IPL ALL-TIME RECORDS
Every major batting and bowling record from 18 seasons of the Indian Premier League — 1,100+ matches, ball-by-ball data.
IPL ALL-TIME RECORDS: THE COMPLETE STATISTICAL ARCHIVE
Across 18 seasons and over 1,000 matches, the Indian Premier League has produced some of the most extraordinary individual and team performances in cricket history. From Chris Gayle's devastating 175 not out to Lasith Malinga's clinical death bowling mastery, IPL records tell the story of T20 cricket's evolution from an experimental format to the most watched league in world sport.
CricMind.ai tracks every IPL record across batting, bowling, fielding, and team categories — going beyond simple leaderboards to provide context, historical progression, and AI-powered analysis of what makes certain records so difficult to break.
BATTING RECORDS: THE EVOLUTION OF RUN-SCORING
IPL batting records reflect the format's transformation. In the early seasons (2008-2012), a score of 150 was considered competitive. By 2024, teams regularly post 200+ totals, and the highest team score stands at 287/3 by RCB against PBKS in 2013 — still unbroken after over a decade. The evolution has been driven by improved batting techniques, better bats, shorter boundaries, and the impact player rule.
Virat Kohli holds the most runs in IPL history with over 8,000 career runs, a testament to extraordinary consistency across 17+ seasons. His 2016 season — 973 runs in a single campaign — remains the gold standard for individual batting performance. The record appears almost unbreakable given the growing competitive depth of IPL bowling attacks.
BOWLING RECORDS: THE UNSUNG HEROES
Bowling records in IPL are among the hardest to achieve. Taking wickets consistently in a batsman-dominated format requires exceptional skill, adaptability, and nerve. Yuzvendra Chahal and Dwayne Bravo hold the record for most IPL wickets, each with 180+ career wickets — achievements that took over a decade of consistent performance.

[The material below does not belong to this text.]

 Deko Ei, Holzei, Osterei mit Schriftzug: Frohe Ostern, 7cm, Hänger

The best individual bowling figures remain challenging to improve upon. Alzarri Joseph's 6/12 for MI against SRH in 2019 is the best bowling performance in IPL history. In T20 cricket, five-wicket hauls are exceptionally rare — a bowler only gets 24 balls per match, and conditions increasingly favour batsmen. A five-wicket haul in IPL is roughly equivalent to a century in Test cricket in terms of rarity and impact.

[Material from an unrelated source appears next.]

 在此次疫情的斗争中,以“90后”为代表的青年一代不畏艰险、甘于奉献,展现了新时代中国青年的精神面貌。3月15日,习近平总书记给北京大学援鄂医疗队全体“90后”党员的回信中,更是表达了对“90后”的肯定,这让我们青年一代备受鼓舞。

WHY SOME RECORDS MAY NEVER BE BROKEN
Several IPL records have stood for over a decade and may be permanent. Chris Gayle's 175* (66 balls, 13 sixes, 21 fours) from 2013 is the highest individual score in any T20 match globally. The combination of power, timing, and favourable bowling conditions that produced this innings is nearly impossible to replicate in modern IPL where bowling attacks are significantly stronger.
Similarly, Kohli's 973 runs in 2016 required averaging over 81 across an entire season. No other player has come within 80 runs of this mark. The increasing depth of IPL bowling — where even mid-table teams have two or three international-quality fast bowlers — makes sustained high scoring harder than ever.
CricMind tracks not just the current records but also the trajectory of near-misses. How close has anyone come to breaking each record? Is the trend moving toward or away from the record being broken? This analytical context makes CricMind's records section uniquely valuable for cricket fans and analysts.